Dependency injection and the machinery described here are only a tool to help us towards the real goal: a modular software architecture that can be easily understood, extended, repurposed, tested and refactored by a large group of developers with minimal overlap between modules. To achieve this we also need to have modularity in mind when designing the architecture and APIs.

Hive and Cells

Cilium applications are composed using runtime dependency injection from a set of modular components called cells that compose together to form a hive (as in bee hive). A hive can then be supplied with configuration and executed. To provide a feel for what this is about, here is how a simple modular HTTP server application would leverage hive:

package server

// The server cell implements a generic HTTP server. Provides the 'Server' API
// for registering request handlers.
//
// Module() creates a named collection of cells.
var Cell = cell.Module(
   "http-server", // Module identifier (for e.g. logging and tracing)
   "HTTP Server", // Module title (for documentation)

   // Provide the application the constructor for the server.
   cell.Provide(New),

   // Config registers a configuration when provided with the defaults
   // and an implementation of Flags() for registering the configuration flags.
   cell.Config(defaultServerConfig),
)

// Server allows registering request handlers with the HTTP server
type Server interface {
    ListenAddress() string
    RegisterHandler(path string, fn http.HandlerFunc)
}

func New(lc cell.Lifecycle, cfg ServerConfig) Server {
  // Initialize http.Server, register Start and Stop hooks to Lifecycle
  // for starting and stopping the server and return an implementation of
  // 'Server' for other cells for registering handlers.
  // ...
}

type ServerConfig struct {
    ServerPort uint16
}

var defaultServerConfig = ServerConfig{
    ServerPort: 8080,
}

func (def ServerConfig) Flags(flags *pflag.FlagSet) {
    // Register the "server-port" flag. Hive by convention maps the flag to the ServerPort
    // field.
    flags.Uint16("server-port",  def.ServerPort, "Sets the HTTP server listen port")
}

With the above generic HTTP server in the server package, we can now implement a simple handler for /hello in the hello package:

package hello

// The hello cell implements and registers a hello handler to the HTTP server.
//
// This cell isn't a Module, but rather just a plain Invoke. An Invoke
// is a cell that, unlike Provide, is always executed. Invoke functions
// can depend on values that constructors registered with Provide() can
// return. These constructors are then called and their results remembered.
var Cell = cell.Invoke(registerHelloHandler)

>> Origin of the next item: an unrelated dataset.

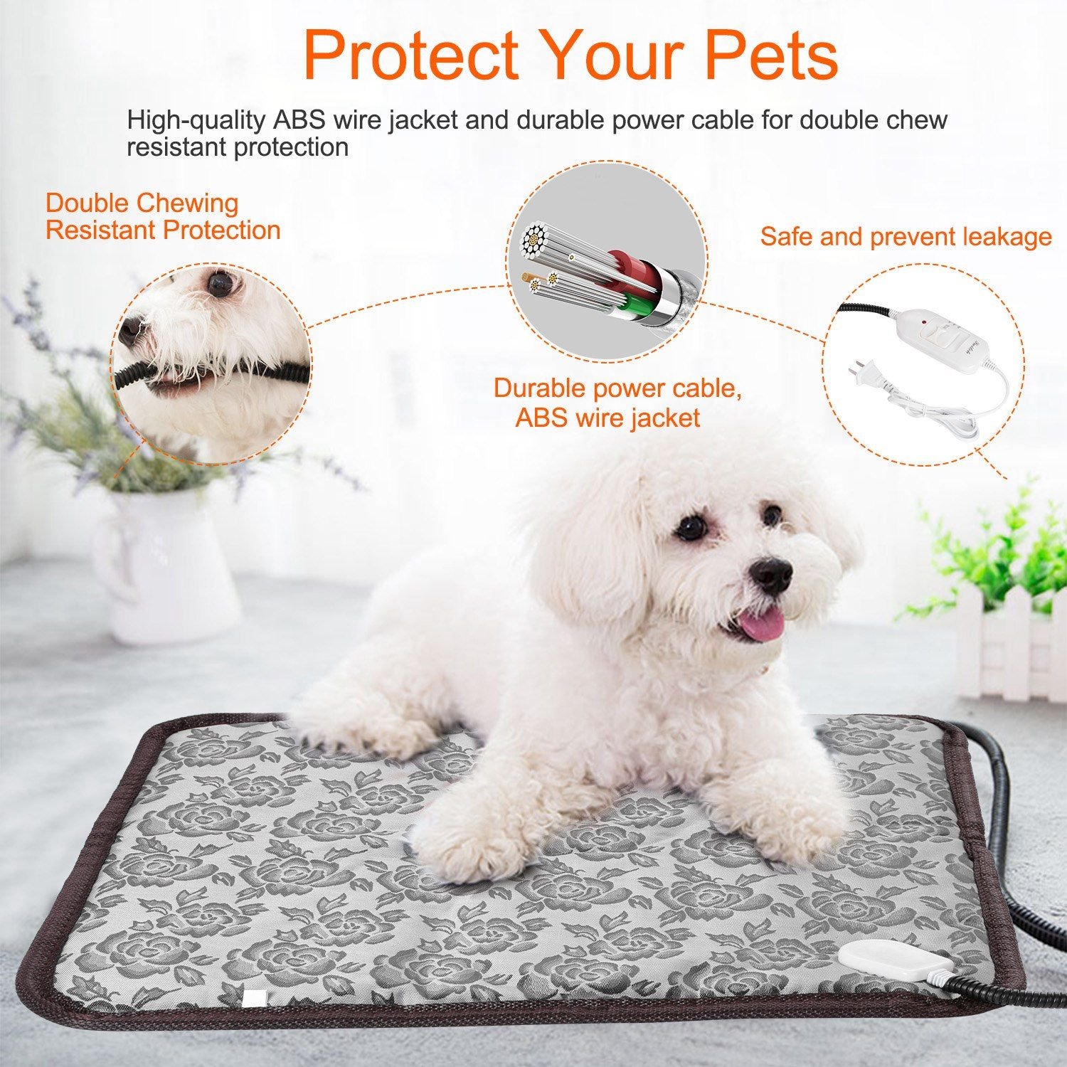 *Waterproof & Moisture-proof Pet Heating Pad*:Durable oxford fabric and waterproof material for long-lasting,comfortable,flexible,waterproof,dust free,anti-electric shock(ensure your pet's safety), easy to clean by hand.

func helloHandler(w http.ResponseWriter, req *http.Request) {
    w.Write([]byte("hello"))
}

func registerHelloHandler(srv server.Server) {
    srv.RegisterHandler("/hello", helloHandler)
}

And then put the two together into a simple application:

package main

var (
    // exampleHive is an application with an HTTP server and a handler
    // at /hello.
    exampleHive = hive.New(
        server.Cell,
        hello.Cell,
    )

    // cmd is the root command for this application. Runs
    // exampleHive when executed.
    cmd *cobra.Command = &cobra.Command{
        Use: "example",
        Run: func(cmd *cobra.Command, args []string) {
            // Run() will execute all invoke functions, followed by start hooks
            // and will then wait for interrupt signal before executing stop hooks
            // and returning.
            exampleHive.Run()
        },
    }
)

func main() {
     // Register all command-line flags from each config cell to the
     // flag-set of our command.
     exampleHive.RegisterFlags(cmd.Flags())

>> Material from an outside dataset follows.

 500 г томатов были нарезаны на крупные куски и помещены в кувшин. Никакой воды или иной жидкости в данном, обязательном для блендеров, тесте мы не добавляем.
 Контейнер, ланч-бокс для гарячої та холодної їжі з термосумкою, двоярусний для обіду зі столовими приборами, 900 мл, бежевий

     // Add the "hive" sub-command for inspecting the application.
     cmd.AddCommand(exampleHive.Command()))

     // Execute the root command.
     cmd.Execute()
}

If you prefer to learn by example you can find a more complete and runnable example application from pkg/hive/example. Try running it with go run . and also try go run . hive. And if you’re interested in how all this is implemented internally, see pkg/hive/example/mini, a minimal example of how to do dependency injection with reflection.

The Hive API

With the example hopefully having now whetted the appetite, we’ll take a proper look at the hive API.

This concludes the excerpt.